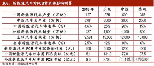 新能源汽车发展进入快车道,汽车电子PCB迎来发展机遇。2018年,中国新能源汽车产销规模超过120万辆,渗透率接近4%,全球新能源汽车产销规模接近240万辆。受益新能源汽车产销规模增长以及单车配套价值量提升,我们认为,汽车电子PCB需求将大幅提升,中性假设下,新能源汽车PCB单车配套价值量1200元,远期中国新能源汽车产销规模达到600万辆,全球新能源汽车1200万辆,中国和全球新能源汽车对车用PCB需求的贡献分别为72亿元和144亿元。
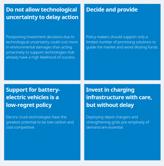 It postulates: „Moving away from conventional diesel trucks is essential to decarbonise the road freight sector and reduce air pollution.“
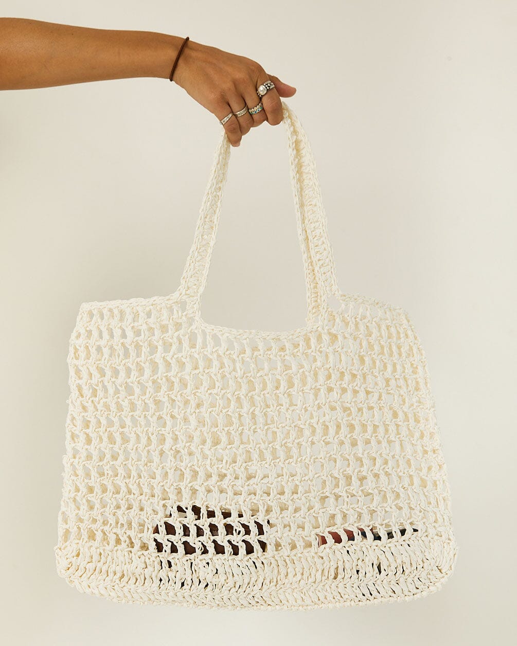 Meet your new go-to for beach days and beyond. This net tote bag is lightweight, breathable, and perfect for carrying all your essentials. With its airy design and sturdy, semi-long handles, it’s as stylish as it is practical—ideal for a day at the beach or a quick market run.

» Work to complete
Please write out every line of the listing above exactly, and leave the images behind.

» Output for this exercise
 新能源汽车发展进入快车道,汽车电子PCB迎来发展机遇。2018年,中国新能源汽车产销规模超过120万辆,渗透率接近4%,全球新能源汽车产销规模接近240万辆。受益新能源汽车产销规模增长以及单车配套价值量提升,我们认为,汽车电子PCB需求将大幅提升,中性假设下,新能源汽车PCB单车配套价值量1200元,远期中国新能源汽车产销规模达到600万辆,全球新能源汽车1200万辆,中国和全球新能源汽车对车用PCB需求的贡献分别为72亿元和144亿元。
 It postulates: „Moving away from conventional diesel trucks is essential to decarbonise the road freight sector and reduce air pollution.“
 Meet your new go-to for beach days and beyond. This net tote bag is lightweight, breathable, and perfect for carrying all your essentials. With its airy design and sturdy, semi-long handles, it’s as stylish as it is practical—ideal for a day at the beach or a quick market run.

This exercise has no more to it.